In this article, the authors propose a model of ethical professional writing for social workers that rests on the integration of three essential elements, namely (1) reflective mindfulness of the client-centred focus of writing responsibilities; 2) a sound understanding of the values and principles of social work 3) and a sound competence in compositional, rhetorical and technical writing skills.

How can you relate this to practice?
The following 10 guidelines will help child protection social workers in South Africa to practice ethical professional writing.

  • (1) Social Justice: Social workers should be challenging negative discrimination, recognise diversity by using inclusive language, and avoid stigmatising already vulnerable and marginalised people by labelling clients as ‘selfish’ or ‘lazy’.
  • (2) Respect for persons: Language should be non-gender specific, culturally inclusive, and non-judgemental.

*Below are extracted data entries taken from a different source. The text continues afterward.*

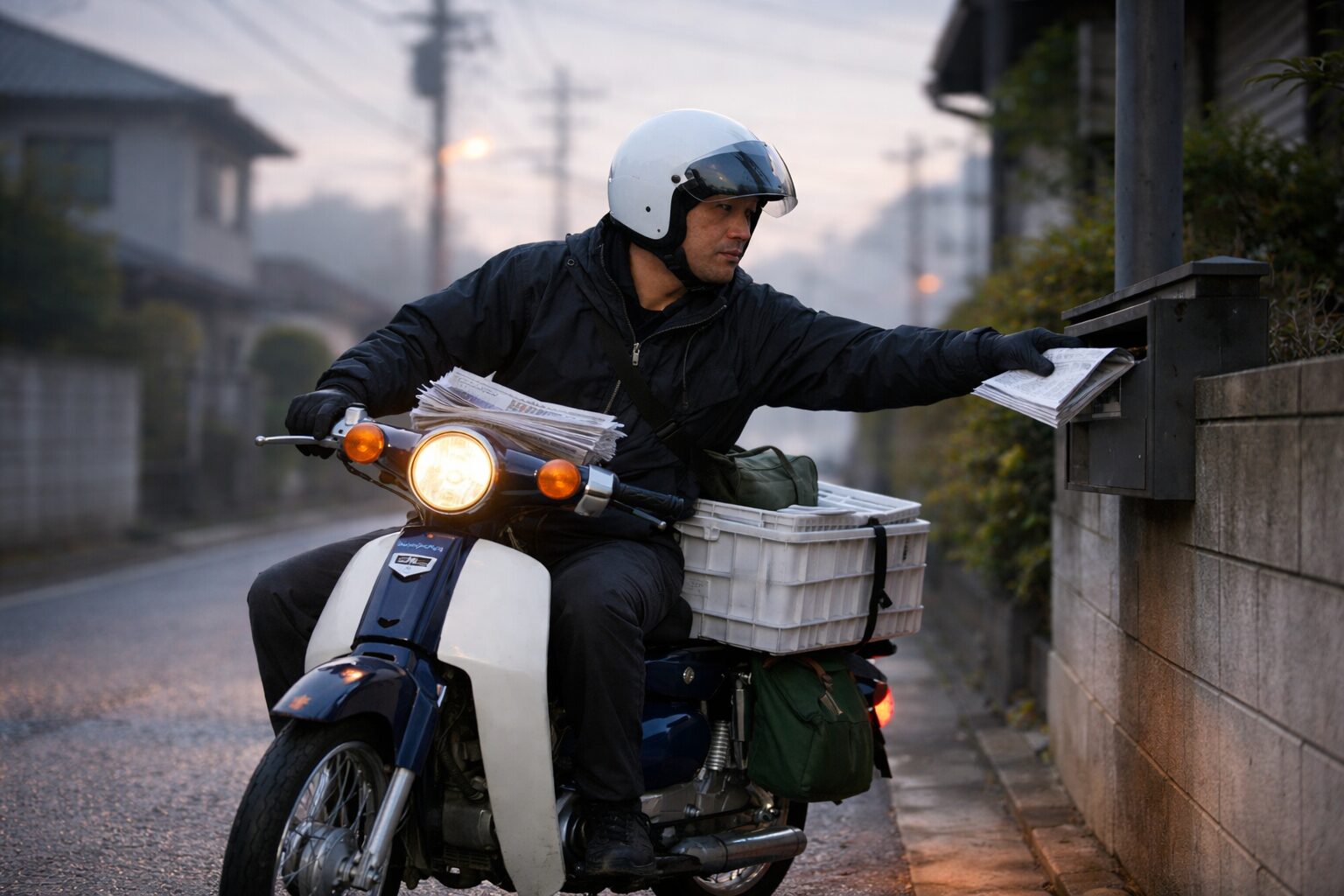 新聞配達や郵便配達の現場では、今でもスーパーカブが圧倒的シェア。
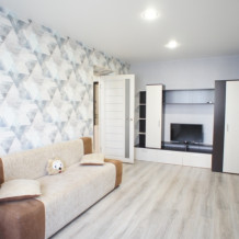 Спальня 11 м2: Двуспальная кровать, шкаф для одежды, тумбочка, кондиционер. Комната 15 м2: Угловой двуспальный диван, шкаф стенка под тв, журнальный столик, тв. Остекление в квартире пластиковое. Прихожка 3м2: Комод, зеркало, вешалки и крючки для одежды, встроенный шкаф-купе. Санузел совмещеный: Ванна, умывальник, зеркало, туалет.
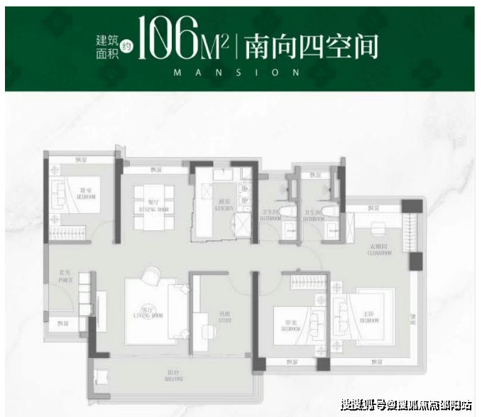 建面约106㎡舒适改善四空间:
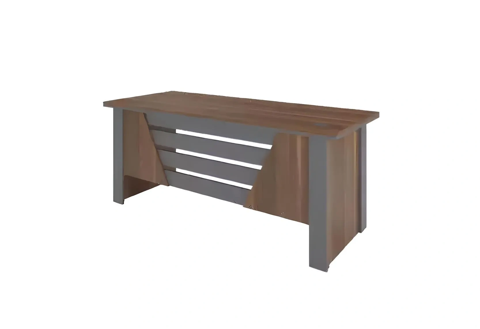 Moderni toimistokaluste, jossa on pöytä, hyllyt ja lipasto
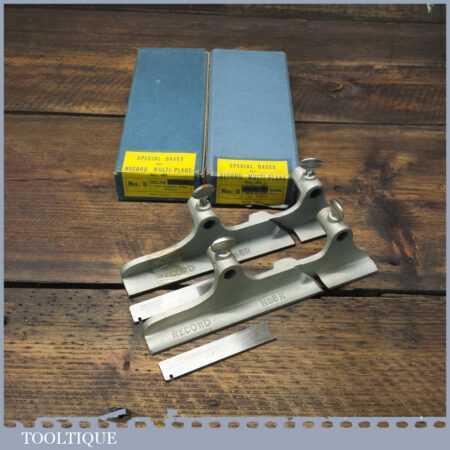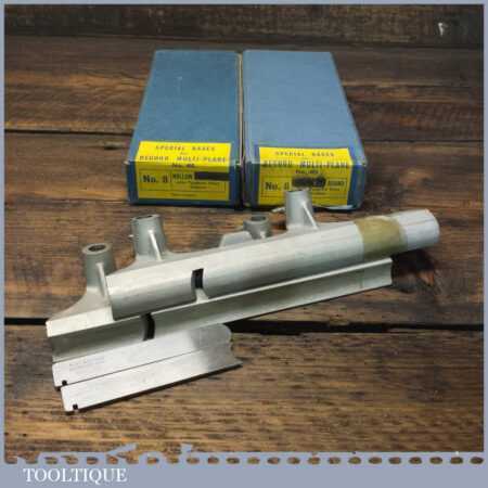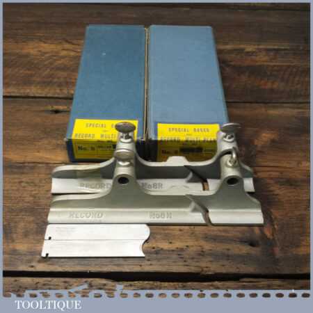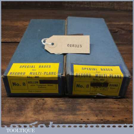 Scarce vintage boxed Record No: 8 hollow and round special bases with cutters for Record No: 405 combination plough plane, in little used condition.
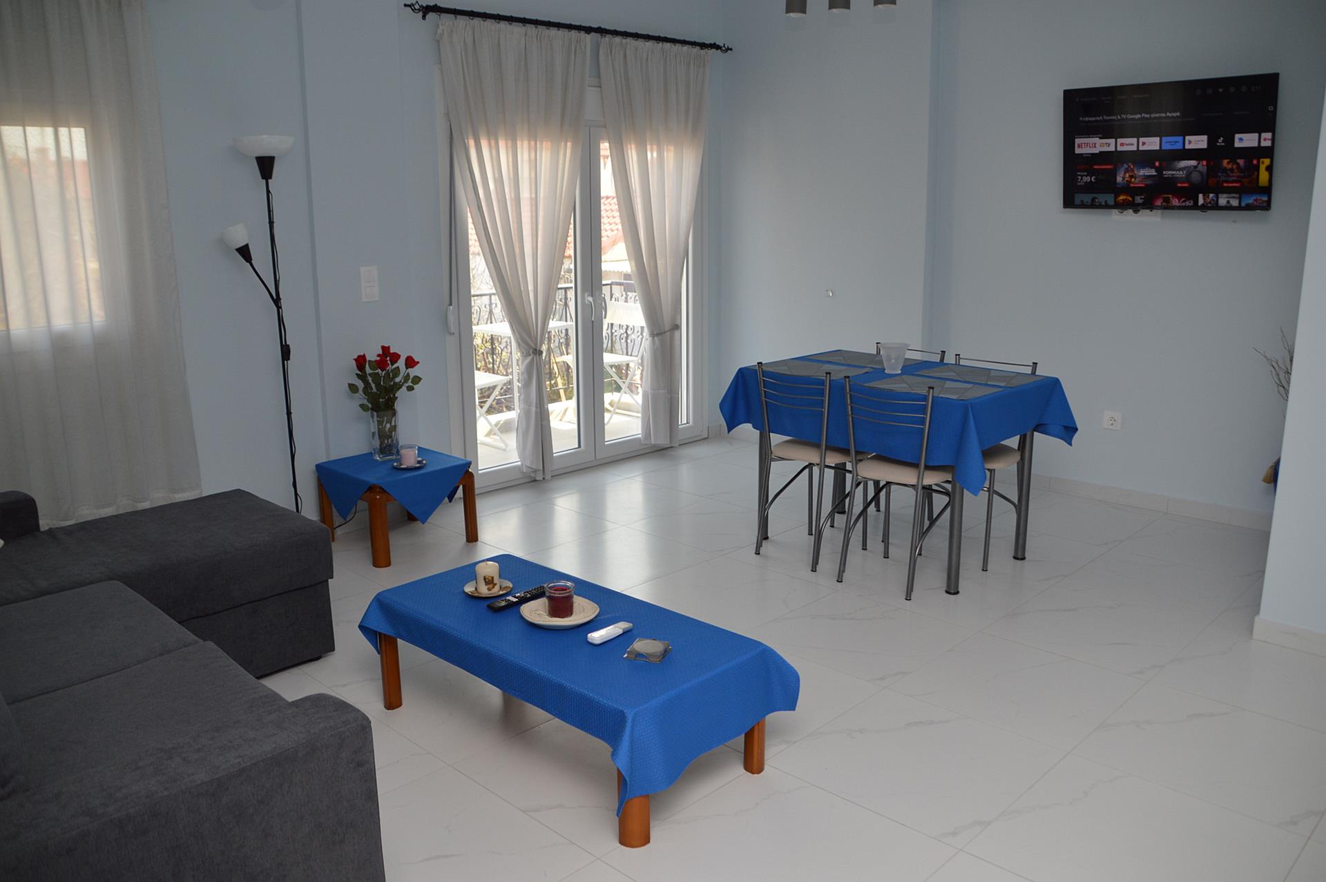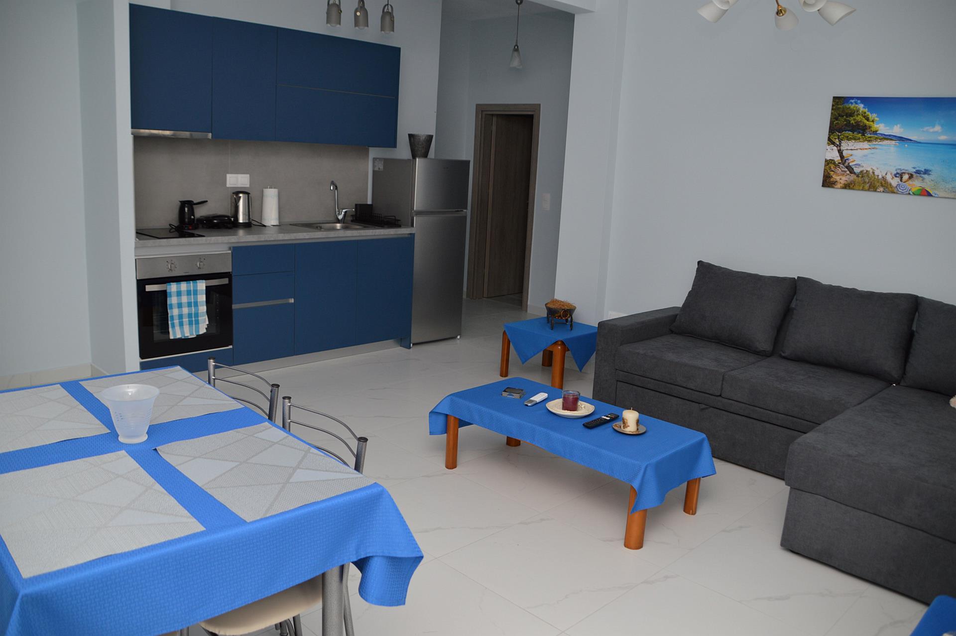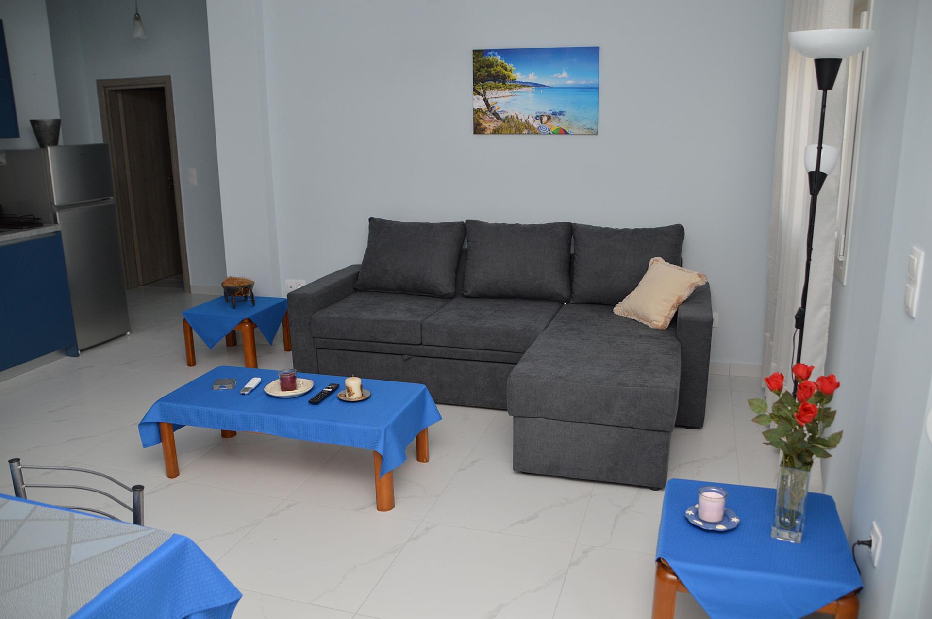 Welcome to our cozy and inviting one-bedroom apartment in Nea Flogita, ideal for couples or small groups. This tastefully decorated apartment offers all the amenities you need for a comfortable stay.

The tone of the writing should be open and not condescending or controlling.
  • (3) Professional integrity: Adherence to organisational requirements and legal obligations need to be prioritised.

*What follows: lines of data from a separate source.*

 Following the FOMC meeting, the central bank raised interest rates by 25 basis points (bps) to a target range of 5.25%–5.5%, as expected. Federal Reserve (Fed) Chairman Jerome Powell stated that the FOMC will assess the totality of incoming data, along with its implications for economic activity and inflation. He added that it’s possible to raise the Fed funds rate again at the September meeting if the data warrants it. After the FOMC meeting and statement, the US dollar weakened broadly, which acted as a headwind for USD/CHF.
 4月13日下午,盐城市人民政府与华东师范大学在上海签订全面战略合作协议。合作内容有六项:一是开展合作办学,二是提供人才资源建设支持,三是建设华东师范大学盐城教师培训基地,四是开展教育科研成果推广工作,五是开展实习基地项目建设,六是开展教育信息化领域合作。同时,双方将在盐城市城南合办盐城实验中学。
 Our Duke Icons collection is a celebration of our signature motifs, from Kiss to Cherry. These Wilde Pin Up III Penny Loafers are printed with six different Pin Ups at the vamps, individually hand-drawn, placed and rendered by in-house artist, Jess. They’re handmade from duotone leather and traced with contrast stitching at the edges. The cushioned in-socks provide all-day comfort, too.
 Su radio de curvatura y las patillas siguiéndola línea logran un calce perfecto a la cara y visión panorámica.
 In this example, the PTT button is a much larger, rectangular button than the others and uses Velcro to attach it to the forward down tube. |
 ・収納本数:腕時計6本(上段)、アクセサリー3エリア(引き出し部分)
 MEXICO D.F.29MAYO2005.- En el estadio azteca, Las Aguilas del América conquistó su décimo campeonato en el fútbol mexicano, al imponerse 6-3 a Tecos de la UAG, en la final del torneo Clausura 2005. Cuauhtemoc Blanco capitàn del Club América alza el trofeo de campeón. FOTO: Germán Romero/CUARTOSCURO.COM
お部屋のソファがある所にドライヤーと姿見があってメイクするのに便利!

  • (4) Accountability and transparency: 1) social workers should rather describe what they saw of the client's behaviours, instead of diagnosing and labelling, 2) give clients information and involve them in decisions, to produce a fair representation of a client’s view point, 3) clearly articulate and justify their decisions, while taking into account the broader social context in which they operate, and 4) ensure quality record-keeping
  • (5) Accuracy, judiciousness and credibility
  • • Ensure that there are no errors, including errors of fact, number or date, nor any incorrect grammar, punctuation, vocabulary or spelling and correctly acknowledging and identifying sources.

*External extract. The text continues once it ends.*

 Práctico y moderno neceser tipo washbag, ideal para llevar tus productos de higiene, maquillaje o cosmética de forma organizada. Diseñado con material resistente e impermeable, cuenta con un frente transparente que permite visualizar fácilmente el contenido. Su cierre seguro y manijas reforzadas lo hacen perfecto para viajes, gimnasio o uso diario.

  • • Judgement is ‘done with good sense’ while keeping in mind what is ethically right or wrong and what is in the best interests of their clients.
  • • Use reliable information, getting the facts right and providing complete information, being consistent in verbal and written communication.
  • • Report only essential and relevant details; (ii) abstain from using emotional or offensive language; (iii) acknowledge the basis of subjective opinions; (iv) protect clients’ privacy and that of others involved in the situation.
  • (6) Reflexivity: Writing reflexively entails being aware of the impact one may have on others, and be consistent with your values and ethics.
  • (7) Authenticity: Writing with authenticity is writing with your own true voice.
  • (8) Sensitivity: Writing with sensitivity is about using language sensitively to avoid labelling, stereotyping and cultural or other bias.
  • (9) Purpose: Writing with purpose means the content of the social workers’ writing should be relevant to the task and purpose of social work.
  • (10) Persuasion: Persuasion writing entails providing good reasons for proposing specific recommendations and effectively communicating these good reasons. It involves using principles such as emphasising advantages and disadvantages and putting the strongest words in the most important places.